Christians today generally agree that no single person wrote the Apostles’ Creed , and it was not literally written word‑for‑word by the twelve apostles themselves.

Quick answer

  • The Apostles’ Creed grew over time out of short baptismal confessions used by the early church, especially in Rome.
  • Its exact author is unknown ; it was shaped by many church leaders and communities between about the 2nd and 5th centuries.
  • A medieval legend said each apostle contributed one line, but historians now see this as a pious story, not a factual account.

A bit of historical background

  • The creed developed from an earlier form called the Old Roman Creed , which itself came from simple formulas based on passages like Matthew 28:19.
  • By the late 2nd century, these formulas were likely already in written form and used especially in baptismal settings.

How the text took shape

  • Early Christian writers such as Tertullian (around 208) and others describe “rules of faith” that contain ideas very close to what appears in the Apostles’ Creed.
  • The first text very close to the modern form appears in a work attributed to Pirminius in the early 8th century, drawing on a version probably developed in southern Gaul around the mid‑5th century.

So who “wrote” it?

From a scholarly point of view:

  • The creed is collective , not the work of one author.
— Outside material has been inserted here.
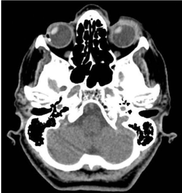
Figure 1. Non-contrast computed tomography (CT) scan showing conjugate eye deviation to the right side.

sign” on tomography, following an acute subinsular stroke and in the absence of conjugated eye deviation. Our hypothesis was that the sign may have been due to hemispatial neglect in this patient. The aim of this article was to discuss the mechanisms involved in the attention network and its neuroanatomic correlates.
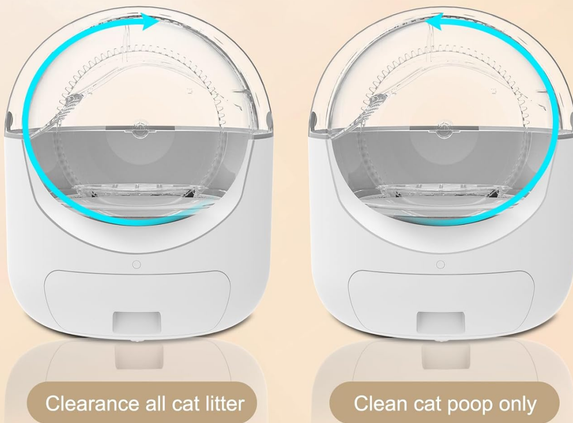
Image: Two diagrams illustrating the drum's rotation for different cleaning functions. The left diagram shows a full left rotation for "Clearance all cat litter" (long press 7 seconds), and the right diagram shows a right rotation for "Clean cat poop only" (long press 3 seconds).

Long press for 7 seconds to turn left to clear the drum, making it easy to replace all cat litter. Long press for 3 seconds to turn right to clear the litter.

It reflects the shared teaching of the early Western church, refined over generations.
  • Church tradition long attributed it to the apostles to underline its faithfulness to apostolic teaching, but there is no historical evidence that the apostles themselves drafted the text.

TL;DR: If you’re asking “who wrote the Apostles’ Creed?”, the best historically accurate answer is: the early church did , over several centuries, not any single named author or even the apostles as individuals.